The company figured it could apply startup knowhow to create Farm & Run, testing out their concept with just one seven-acre farm. Health Warrior picked up the tab for fertilizer and soil restoration, weeding, basic irrigation equipment and seeds. "We did this very quietly. It was an experiment, we wanted to make sure it helped them and that it worked."
And it did. Emmet and his crew went down for the December harvest. The farm employed 10-12 people for six months, meaning an entire family got fed. "The farm came back to life," he says.
Health Warrior is launching a new chocolate chia bar to help fund its Farm & Run project to help the Tarahumara tribe in Mexico. Photo courtesy of Health Warrior.
Now that they're scaling up, the goal is to help replenish more moribund farms and build up seed stocks, allowing the Tarhumara to farm sustainably and to begin to supply the company with some chia seeds for the new chocolate chia bar.
"Operation Farm and Run allowed us to not only bring more meaning to the brand, but truly help an inspirational culture we can all learn about," says Emmett.
Long-term, the goal is to help the Tarahumara reinvigorate their agriculture, preserve their culture and lifestyle and provide an income stream from commercial farming. The plan is to restore at least two more farms this year.

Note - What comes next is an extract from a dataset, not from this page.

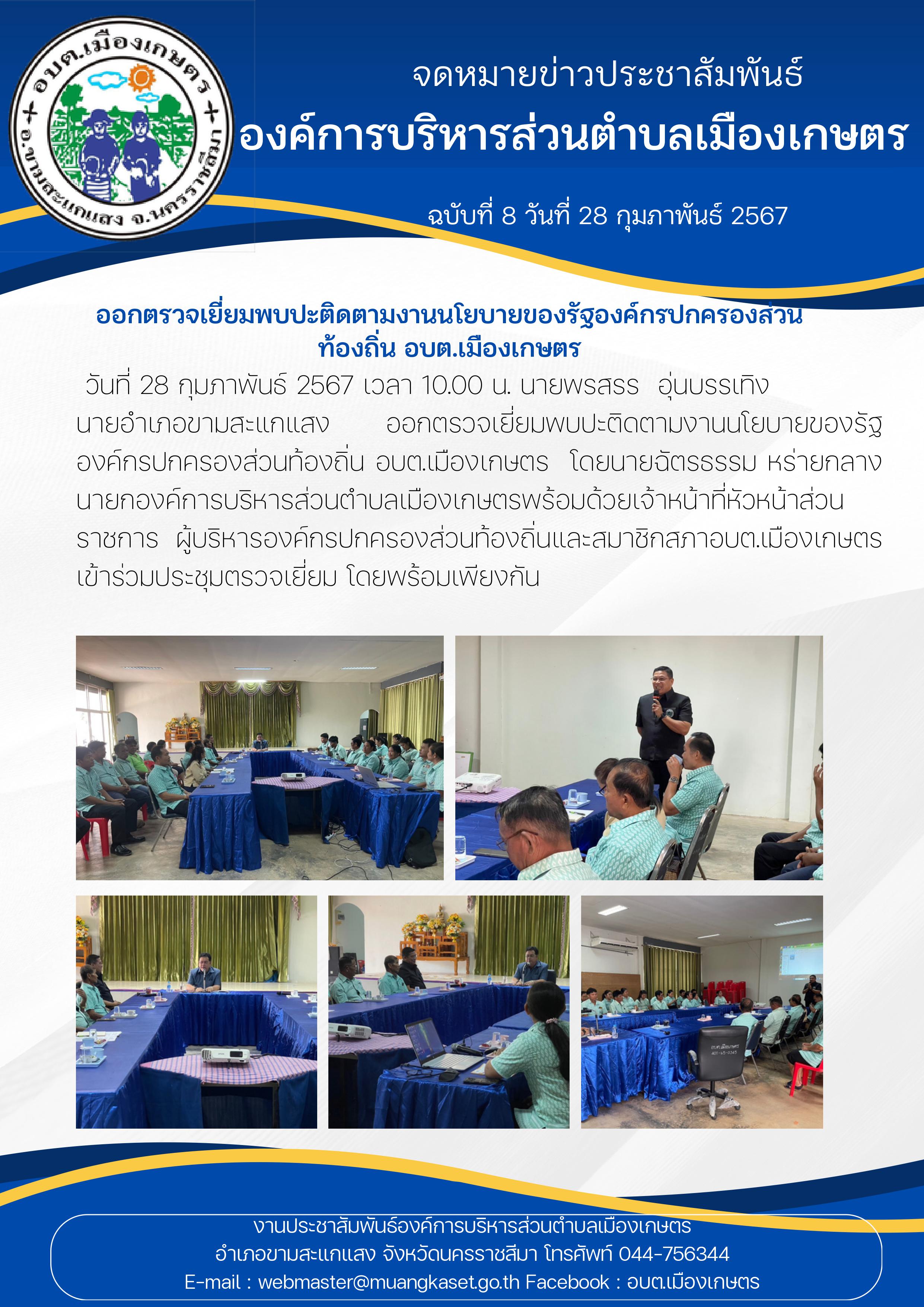 นอภ.ออกตรวจเยี่ยมพบปะติดตามงานนโยบายของรัฐบาลองค์กรปกครองส่วนท้องถิ่น

As a mission-driven company that preaches the virtues of better health for a stronger society, the Farm & Run campaign was a natural fit, Emmett tells me. What he didn't expect was an offer from Whole Foods to launch their new chocolate chia bar nationally. Health Warrior plans to donate 10% of the proceeds from the product to fund Farm & Run.
Health Warrior because of its investments in rapid expansion, still hasn't turned a profit. (That's coming soon, Emmett assures me. ) But that hasn't stopped Emmett from pursuing his social goals while working long-term to reward the company's loyal investors, who range from numerous friends and family to professional athletes to VMG Partners, a private equity fund.
"I think it's awesome that a private-equity backed, high-growth CPG [consumer packaged goods] company can create incredible value not only by innovating with good-for-you food but also tilt at windmills for important missions like our current adventures in the Canyons," Emmett says.
The Farm & Run campaigns ends on March 15 at 6:30 p.m. EDT. They've already surpassed their goal, albeit a modest one,but a final sprint could yield even greater returns, by raising more funds and publicizing the mission.
"I like to tell the troops that while we have come far and fast, it is still early. Before sunrise. We are just getting started," Emmett says.